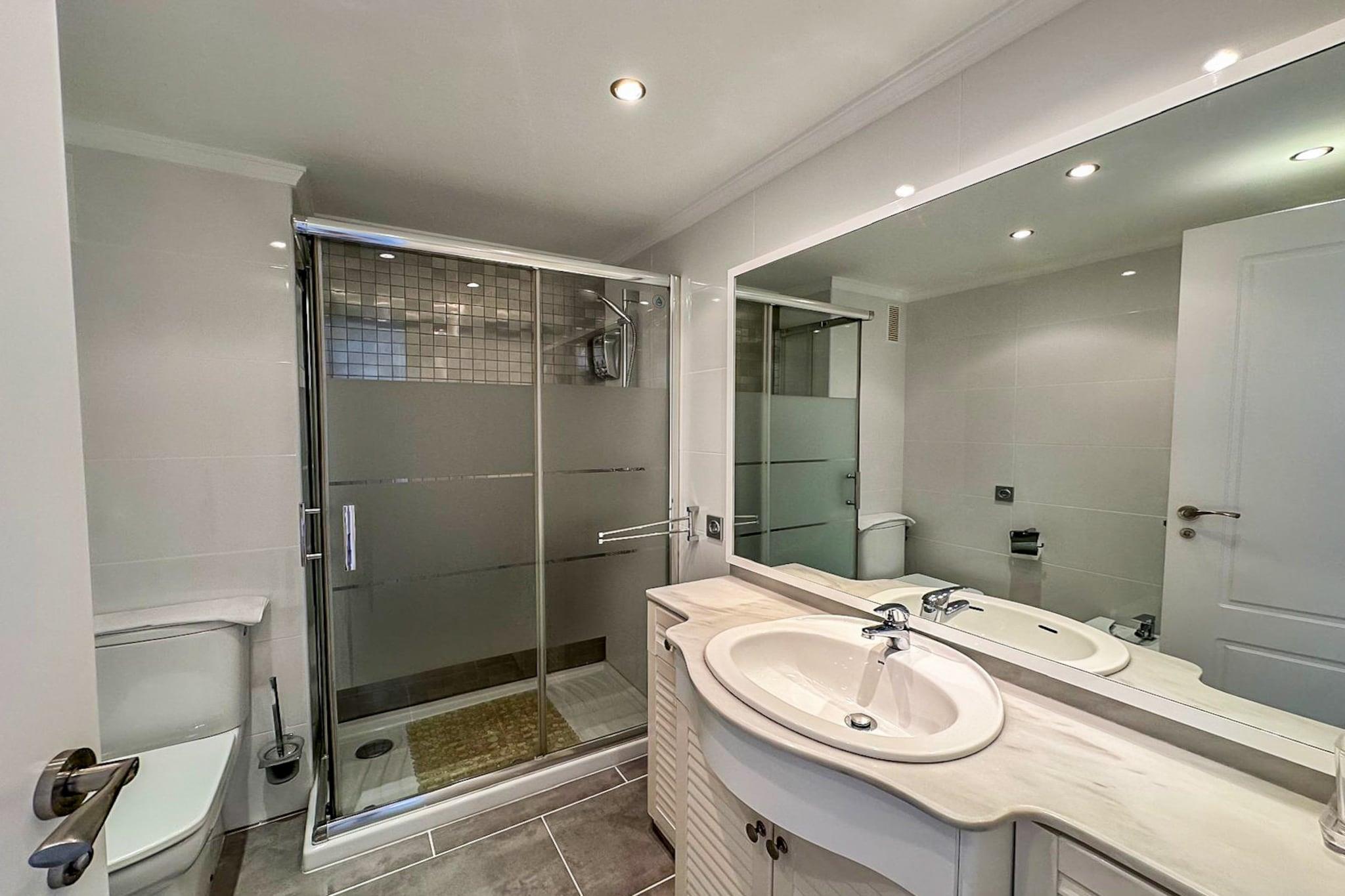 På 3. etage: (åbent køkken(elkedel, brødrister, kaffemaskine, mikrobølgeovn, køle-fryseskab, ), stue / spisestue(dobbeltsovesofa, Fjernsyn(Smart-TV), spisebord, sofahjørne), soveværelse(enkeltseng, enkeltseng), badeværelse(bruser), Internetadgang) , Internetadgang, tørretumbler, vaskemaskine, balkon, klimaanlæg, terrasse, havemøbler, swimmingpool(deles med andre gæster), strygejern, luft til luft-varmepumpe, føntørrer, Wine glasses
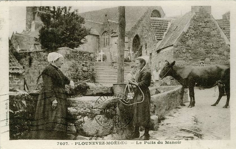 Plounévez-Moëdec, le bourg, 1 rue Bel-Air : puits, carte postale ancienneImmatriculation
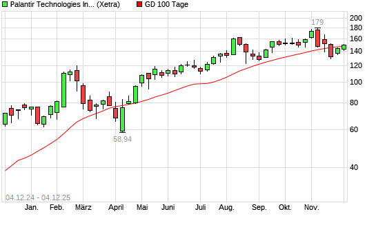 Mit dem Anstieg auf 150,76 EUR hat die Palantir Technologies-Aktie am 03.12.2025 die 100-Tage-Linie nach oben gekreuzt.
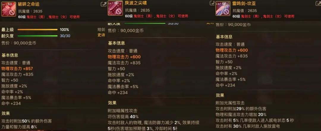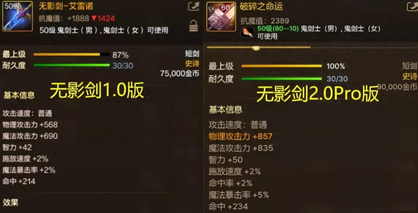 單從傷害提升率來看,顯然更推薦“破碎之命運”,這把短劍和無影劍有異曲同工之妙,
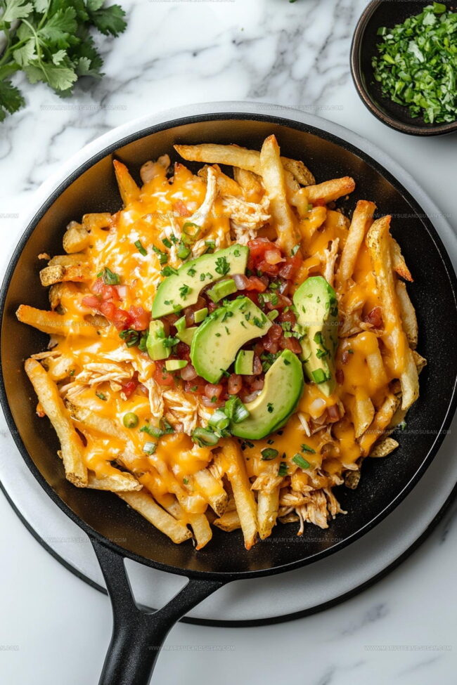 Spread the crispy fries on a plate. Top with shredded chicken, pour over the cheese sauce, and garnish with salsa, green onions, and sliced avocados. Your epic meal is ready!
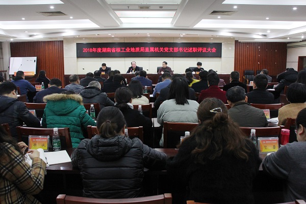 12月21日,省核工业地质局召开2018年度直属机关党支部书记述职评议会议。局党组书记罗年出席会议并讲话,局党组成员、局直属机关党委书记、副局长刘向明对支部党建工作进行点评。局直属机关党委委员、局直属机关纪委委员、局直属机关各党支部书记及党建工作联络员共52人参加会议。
* * *
• Task description:
Return the records above exactly, without the pictures.

• Written answer:
 På 3. etage: (åbent køkken(elkedel, brødrister, kaffemaskine, mikrobølgeovn, køle-fryseskab, ), stue / spisestue(dobbeltsovesofa, Fjernsyn(Smart-TV), spisebord, sofahjørne), soveværelse(enkeltseng, enkeltseng), badeværelse(bruser), Internetadgang) , Internetadgang, tørretumbler, vaskemaskine, balkon, klimaanlæg, terrasse, havemøbler, swimmingpool(deles med andre gæster), strygejern, luft til luft-varmepumpe, føntørrer, Wine glasses
 Plounévez-Moëdec, le bourg, 1 rue Bel-Air : puits, carte postale ancienneImmatriculation
 Mit dem Anstieg auf 150,76 EUR hat die Palantir Technologies-Aktie am 03.12.2025 die 100-Tage-Linie nach oben gekreuzt.
 單從傷害提升率來看,顯然更推薦“破碎之命運”,這把短劍和無影劍有異曲同工之妙,
 Spread the crispy fries on a plate. Top with shredded chicken, pour over the cheese sauce, and garnish with salsa, green onions, and sliced avocados. Your epic meal is ready!
 12月21日,省核工业地质局召开2018年度直属机关党支部书记述职评议会议。局党组书记罗年出席会议并讲话,局党组成员、局直属机关党委书记、副局长刘向明对支部党建工作进行点评。局直属机关党委委员、局直属机关纪委委员、局直属机关各党支部书记及党建工作联络员共52人参加会议。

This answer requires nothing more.